(Excerpts from a dataset)
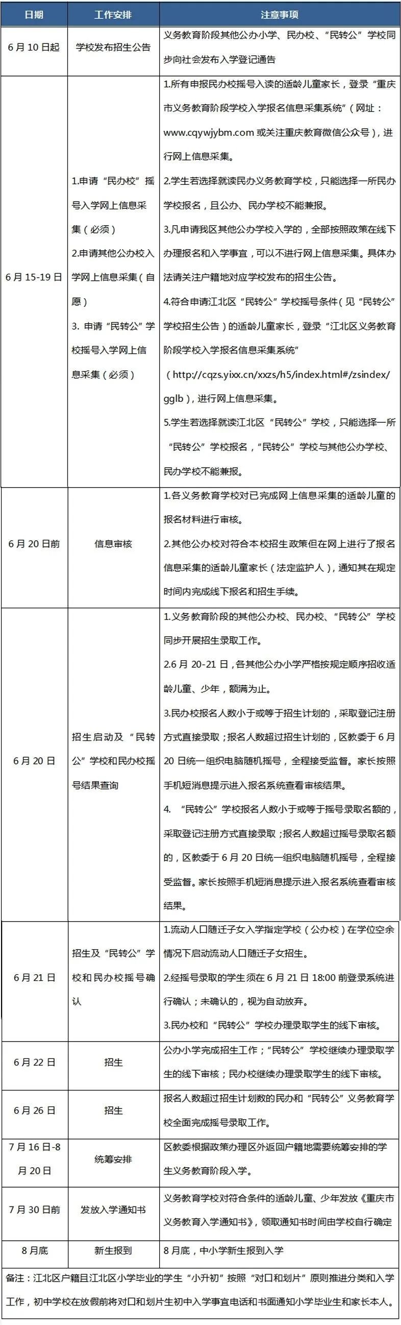 江北区户籍小学毕业生按照“对口和划片、统筹安排”方式升入本区公办初中继续完成九年义务教育。初中新生需提供小学毕业证明。
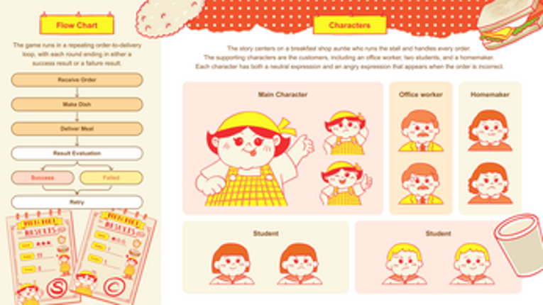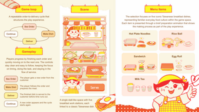 “Ready to Order" is a short 2D time-management cooking game inspired by Taiwanese breakfast culture. In Taiwan, breakfast shops offer a wide variety of dishes, and the breakfast vendors work with speed, precision, and endurance while carrying the pressure of a busy morning. This game invites players to step into that role, to prepare dishes and send out orders within a limited time, and to experie… If you enjoyed this game, see our list of games similar to Ready to Order.
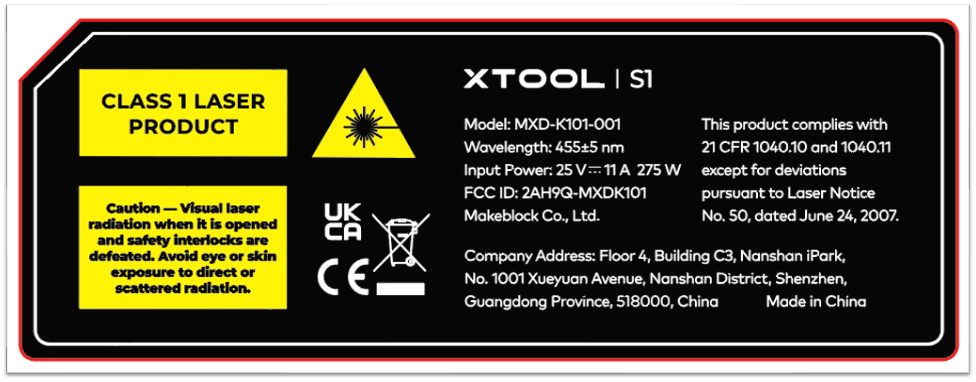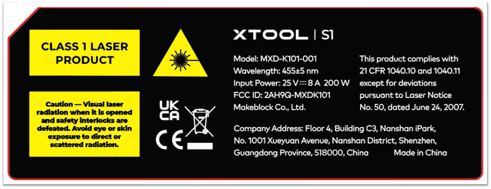 您的 xTool S1 是 1 类激光产品。通常,它在"1 类操作条件"下运行。1 类操作条件意味着这些条件在正常操作期间无法产生破坏性辐射水平。
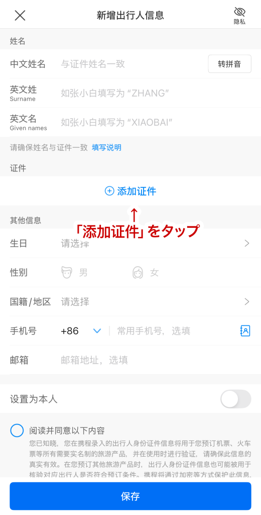 - 「添加证件」をタップ
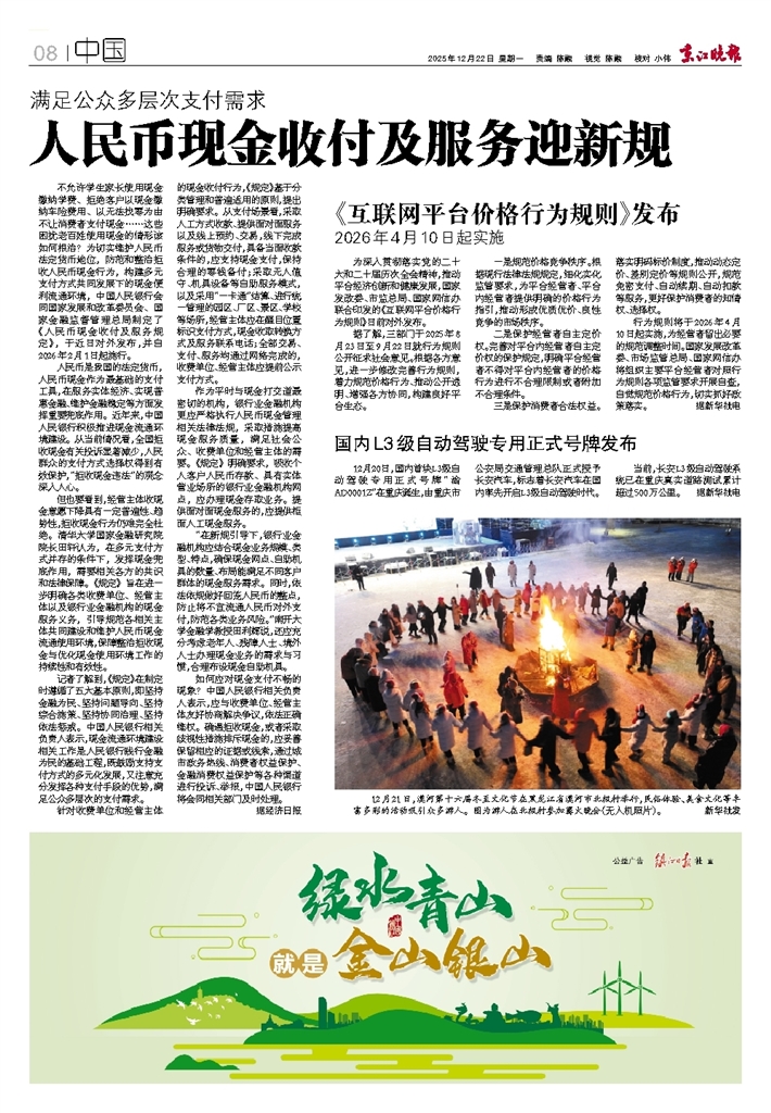 - 人民币现金收付及服务迎新规 不允许学生家长使用现金缴纳学费、拒绝客户以现金缴纳车险费用、以无法找零为由不让消费者支付现金……这些困扰老百姓使用现金的情形该如何根治?为切实维护人民币法定货币地位,防范和整治拒

Directions: Every line from the one holding "- 「添加证件」をタップ" through the end of the records above must be reproduced verbatim, pictures excepted.

Result:
 - 「添加证件」をタップ
 - 人民币现金收付及服务迎新规 不允许学生家长使用现金缴纳学费、拒绝客户以现金缴纳车险费用、以无法找零为由不让消费者支付现金……这些困扰老百姓使用现金的情形该如何根治?为切实维护人民币法定货币地位,防范和整治拒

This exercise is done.